Tomorrow is Calvin's Book Four Graduation Recital. He started working toward this one year ago. Thirteen pieces. About an hour a day for 365 days. It feels like a lot is at stake. If he is nervous I can't tell. Am I? A little--but what is it that I want? I want him to be his very best self.
What is our very best self? What brings it out?
It isn't that I magically want Calvin to be some polished musician, some ultra focused kid, that he is not. I don't need him to be better or different. I want him to play at his ability level. I want him to be his very best self.
We want our children to have positive experiences. We want them to perform at their ability level. We want them to want to be good. To meet their potential. So then comes the dance. I've been trying to put the responsibility for being good back on his shoulders lately. Sometimes it works and sometimes it doesn't. Sometimes he steps up to the plate and sometimes he is thinking about Harry Potter, or the operating system on his computer, or heaven knows what else is going on in there.
If I have said it once, I have said it a million times. You can't tell someone to focus. I know you have to draw kids in, to ask them questions--how was the balance? How were the dynamics? Even more specific: how was the climax on the B section? Still I tell him: FOCUS! Were you there?
"Mama, it's hard to focus when you have been playing this music everyday for so long."
I can tell when I am bringing out the best in him versus when I am provoking him to frustration. I am only half proud to say that to this day I have avoided profanity as well as violence. But still the words come out. The looks come out. He knows my looks more than my words. My heavy sighs speak loud and clear. It wasn't good enough. It wasn't his very best job.
I remember preparing for his Book One recital. There were stuffed animals for every song. He was so little. Each animal had a favorite song. There was one animal--that thought Calvin could do no wrong--a puppy I think. He pretended to slobber on him and kiss him and tell him in a sugary voice how wonderful he was. When he went to play that puppy's song, the quality was wonderful--his very best job. A light bulb went off in my mind.
All the kids really want is our love. That is the key to being our best self.
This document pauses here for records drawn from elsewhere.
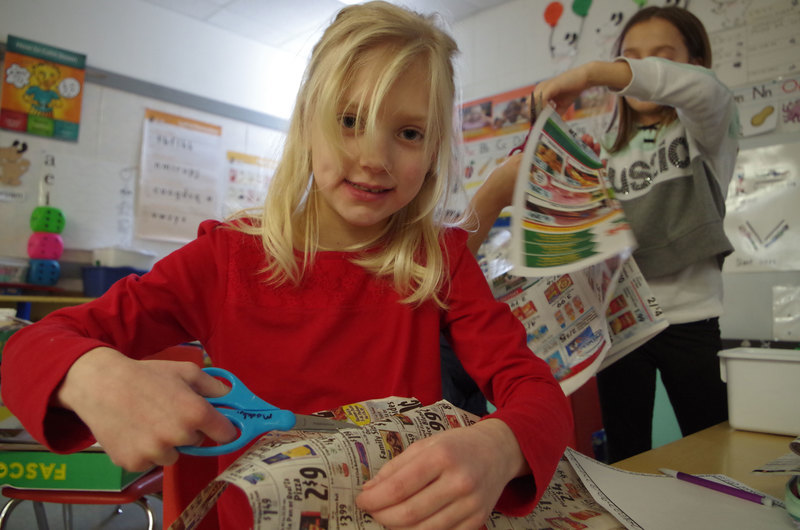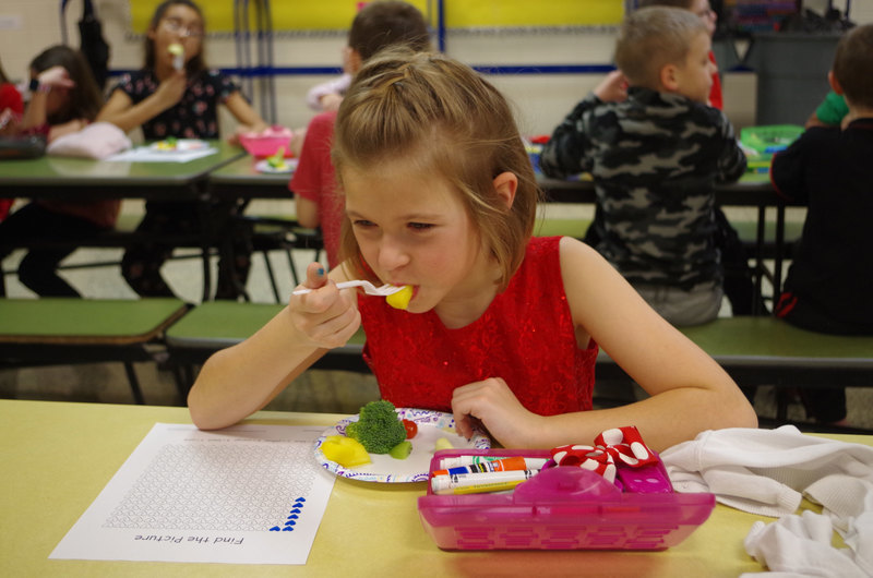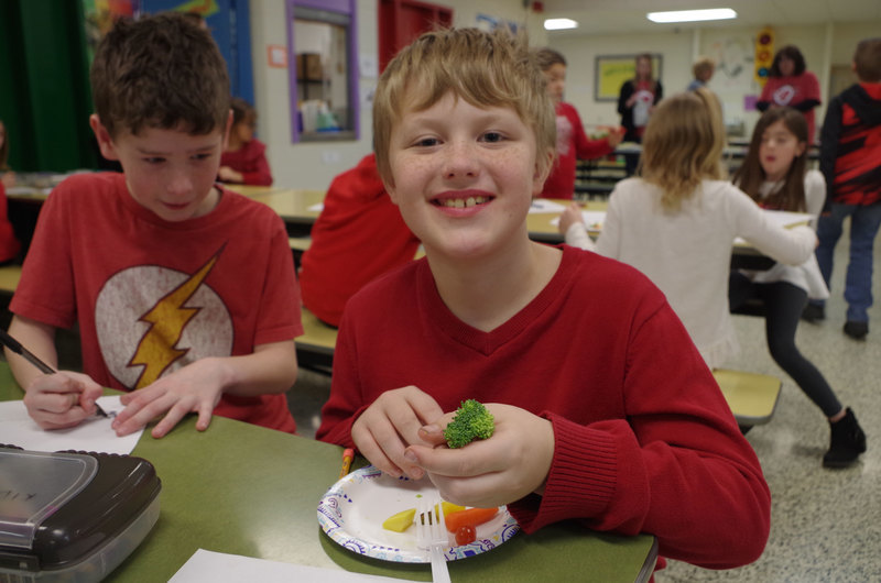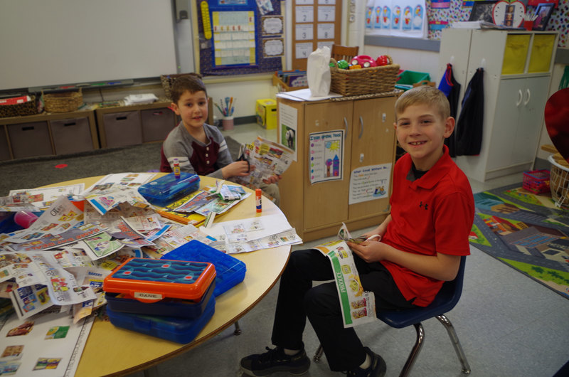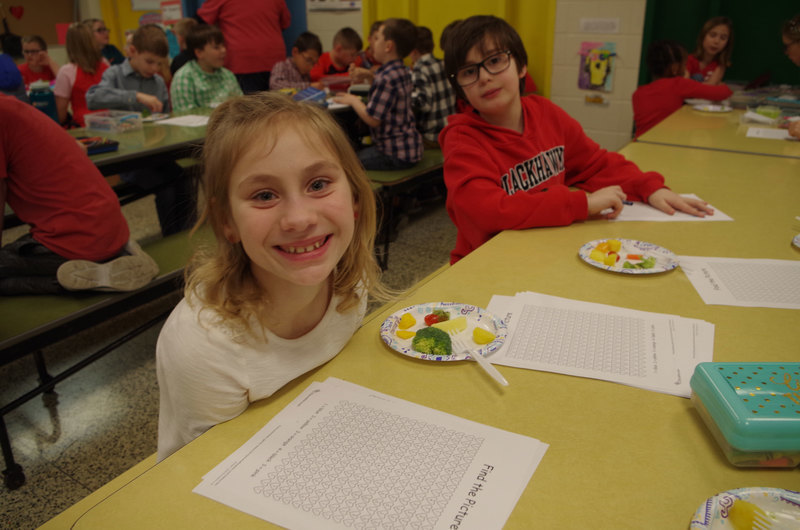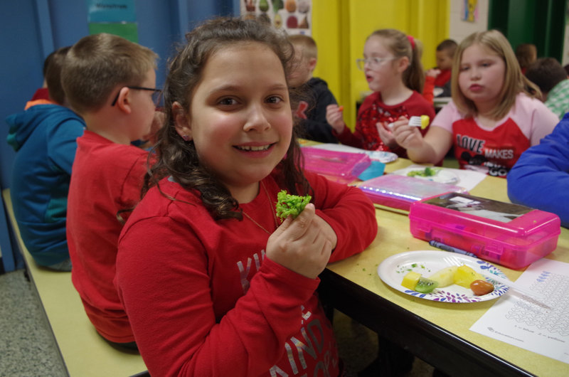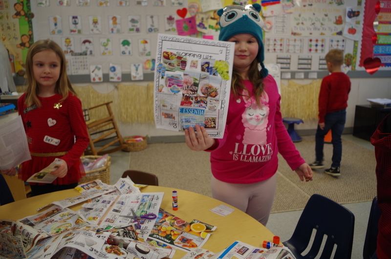 The Elementary School held Heart Healthy Rotations (students rotate from center to center) last Friday, February 7, 2020. The cafeteria was dishing out healthy food samples and students were encouraged to sample new fruits and vegetables. One center had students identifying and cutting out healthy foods from the newspaper to create a shopping list. Many students wore red as it was also “Red Out Day”.
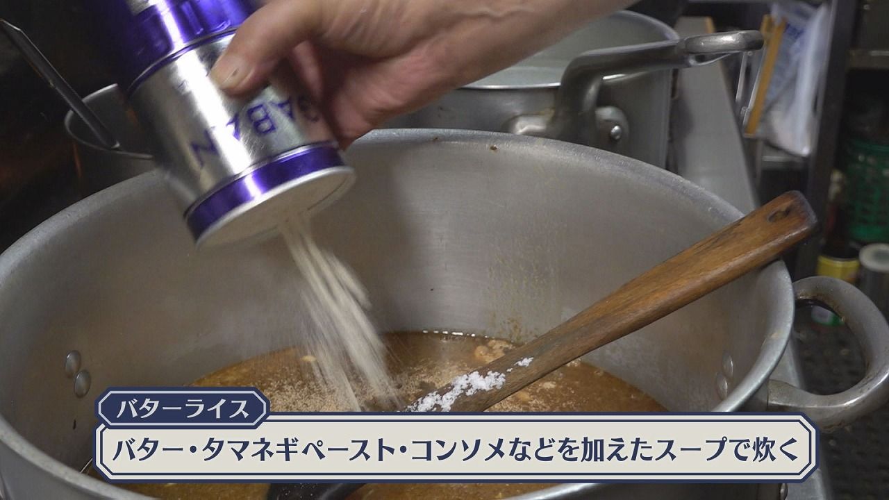 バターライスは、バター、玉ねぎペースト、ローリエとコンソメなどの調味料を加えたスープで炊き上げます。
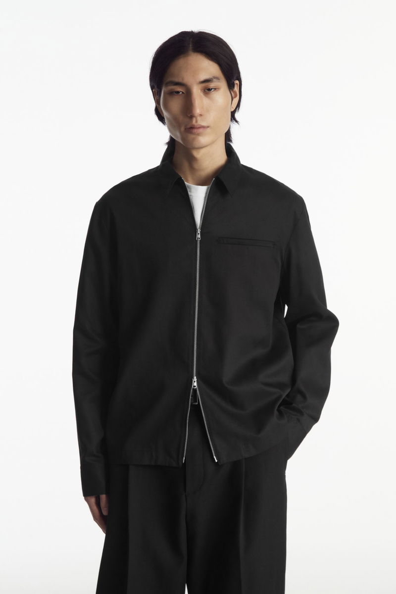 This pared-back shirt is our menswear team's modern interpretation of '60s Harringtons. It's crafted from softly structured TENCEL™ Lyocell and cotton-blend twill and cut for an easy-going shape, with considered design details like a pointed collar, clean welt pockets and functioning buttoned cuffs. Layer it over tank tops and tees, adjusting the double-ended zip to your preference.
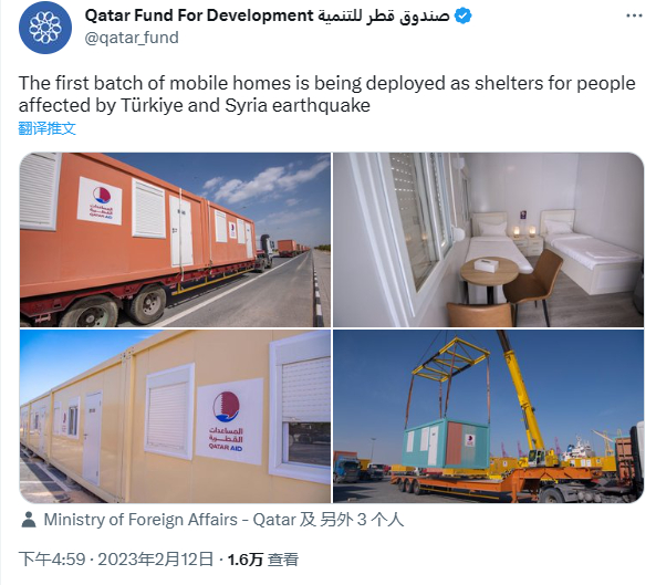 卡塔尔基金会(Qatar Fund For Development)12日发文称,作为赈灾计划的一部分,卡塔尔将为土、叙两国提供集装箱式房屋,为有需要的人提供住处。
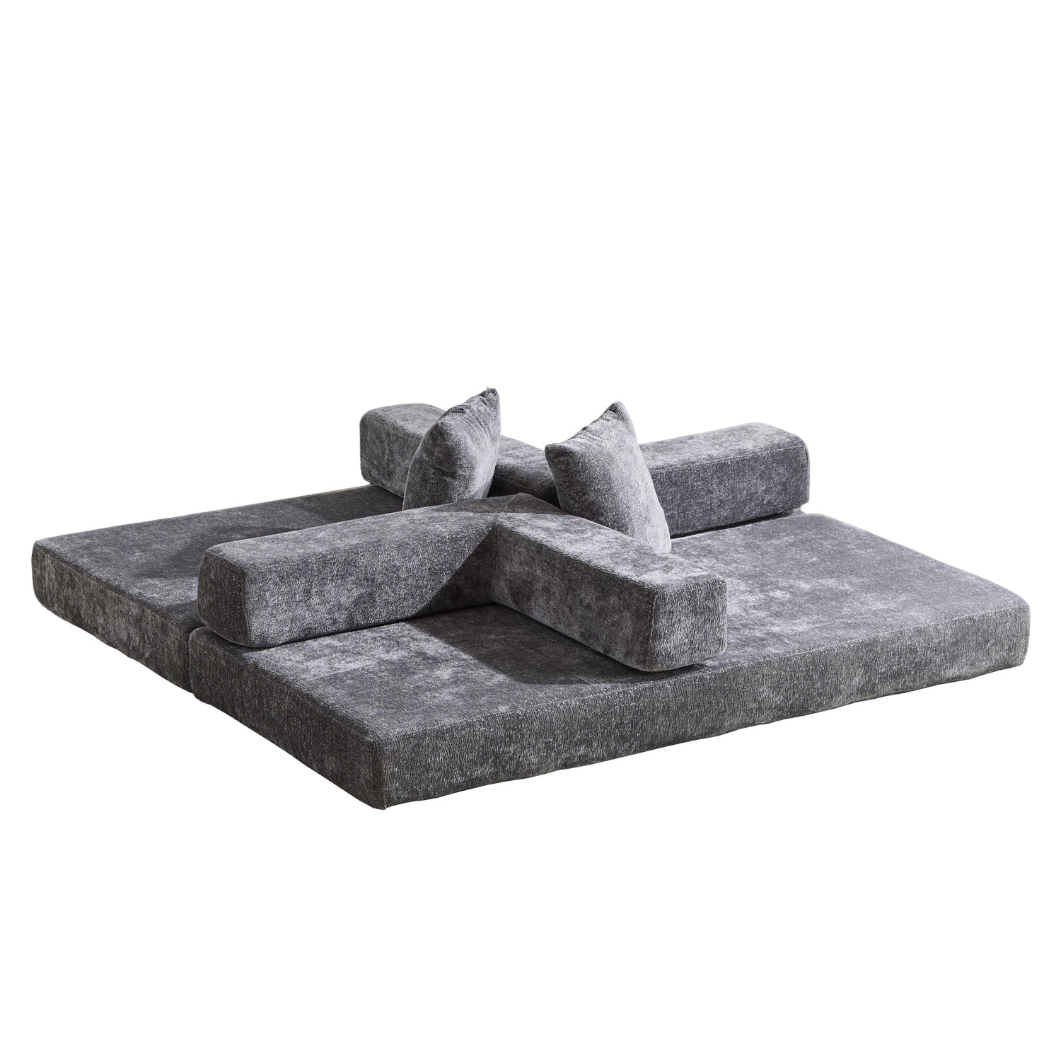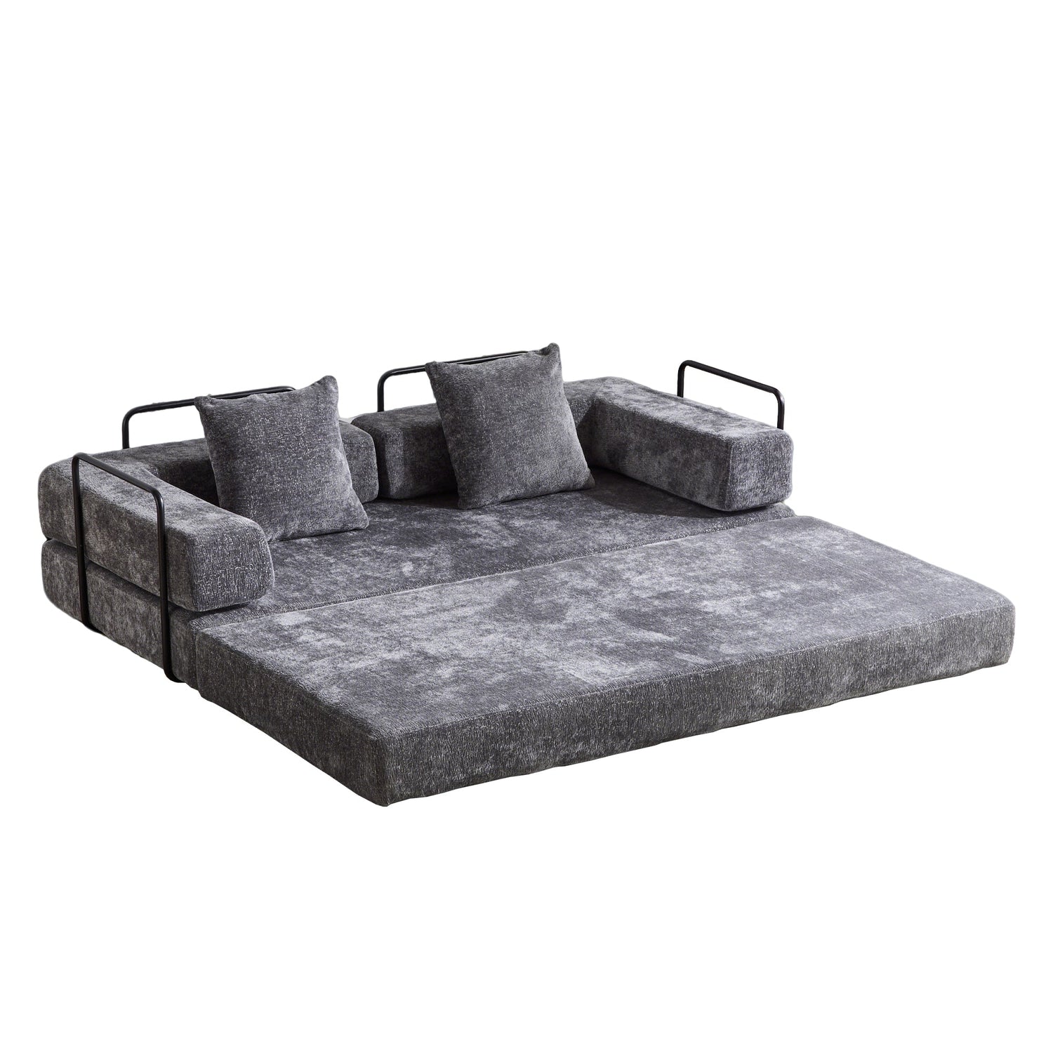 NEW Floor Couch,Compression Sofa,Convertible Floor Sofa Bed-with Pillow Back Support Armrest,Comfy Futon Couch Lounge Sleeper Bed,Chenile fabric,for Living Room Bedroom (DARK-GREY)
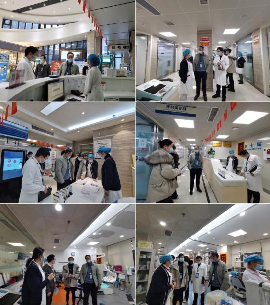 检查组一行前后走访检查了医院各科室,重点对预检分诊点、候诊等公共区域、口腔综合急诊科、手术室、病房及主要临床科室、医技科室进行了疫情防控检查工作并指导工作。
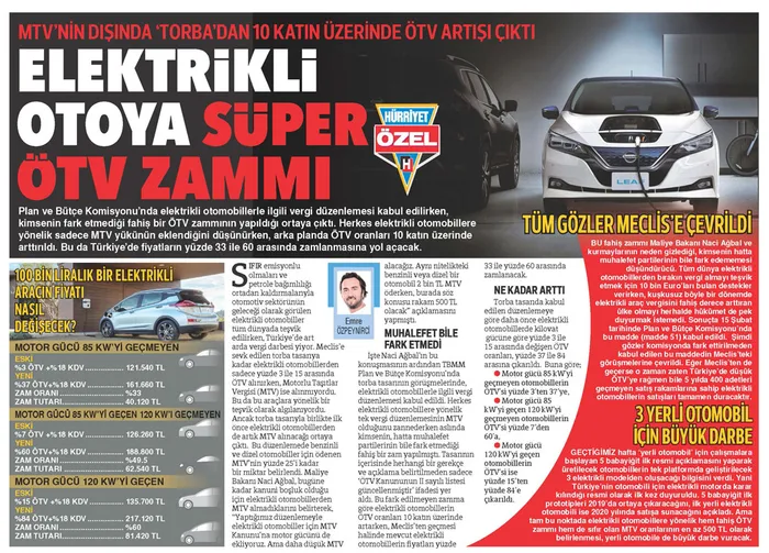 Bakanlıktan yapılan yazılı açıklamada "Bugün Hürriyet Gazetesi'nde Emre Özpeynirci imzası ile "MTV'nin dışında 'Torba'dan 10 katın üzerinde ÖTV artışı çıktı", "Elektrikli otoya süper ÖTV zammı" başlıklarıyla bir haber yayınlanmıştır.
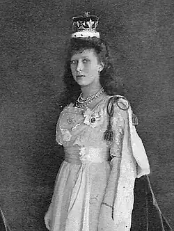 Mary was known as "Princess Mary of York" at birth.[62] Mary was not styled "Her Royal Highness" from birth, only gaining that style in 1898 by letters patent granted by her great-grandmother, Queen Victoria.[63] After Victoria's death in January 1901, Mary was known as Princess Mary of Cornwall and York, until her father's creation as Prince of Wales in November of that year, when she assumed the title "Princess Mary of Wales".[64]
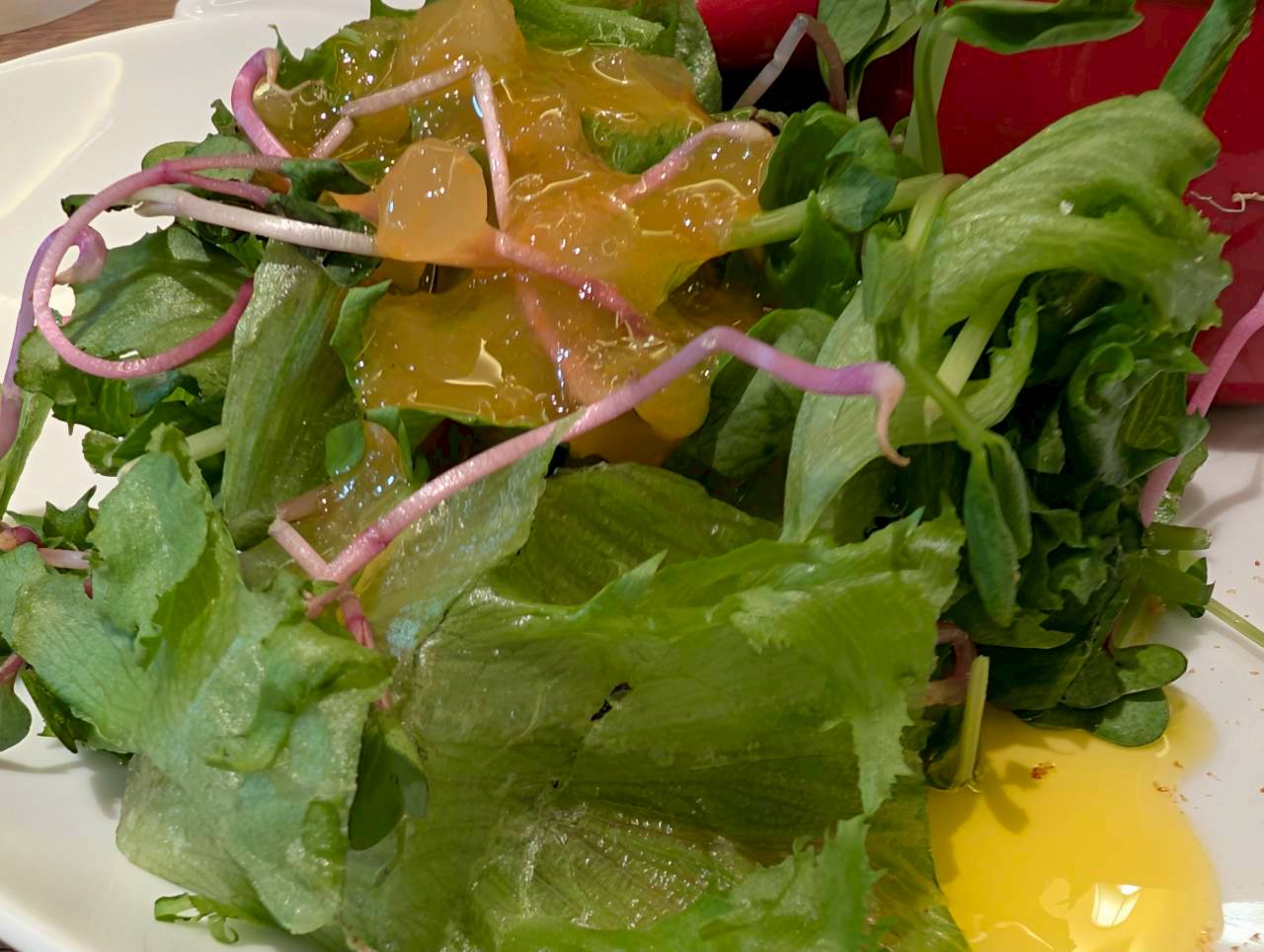 みずみずしい野菜のサラダに季節のドレッシングでいただきます。

When my husband and I started getting back in touch after being friends in college, many years had past. For ten years we had sent Christmas cards and had he had even visited me a few times as friends. As we emailed and spent hours on the phone long distance--getting back in touch--I realized that he only saw the best in me. He made me want to be my very best self. And so I was.
Now I search for the way to be that light for my children. To see the best in them. To see them as their very best selves. And they will want to be. And they will be.
Good Luck Calvin, but mostly, I just love you.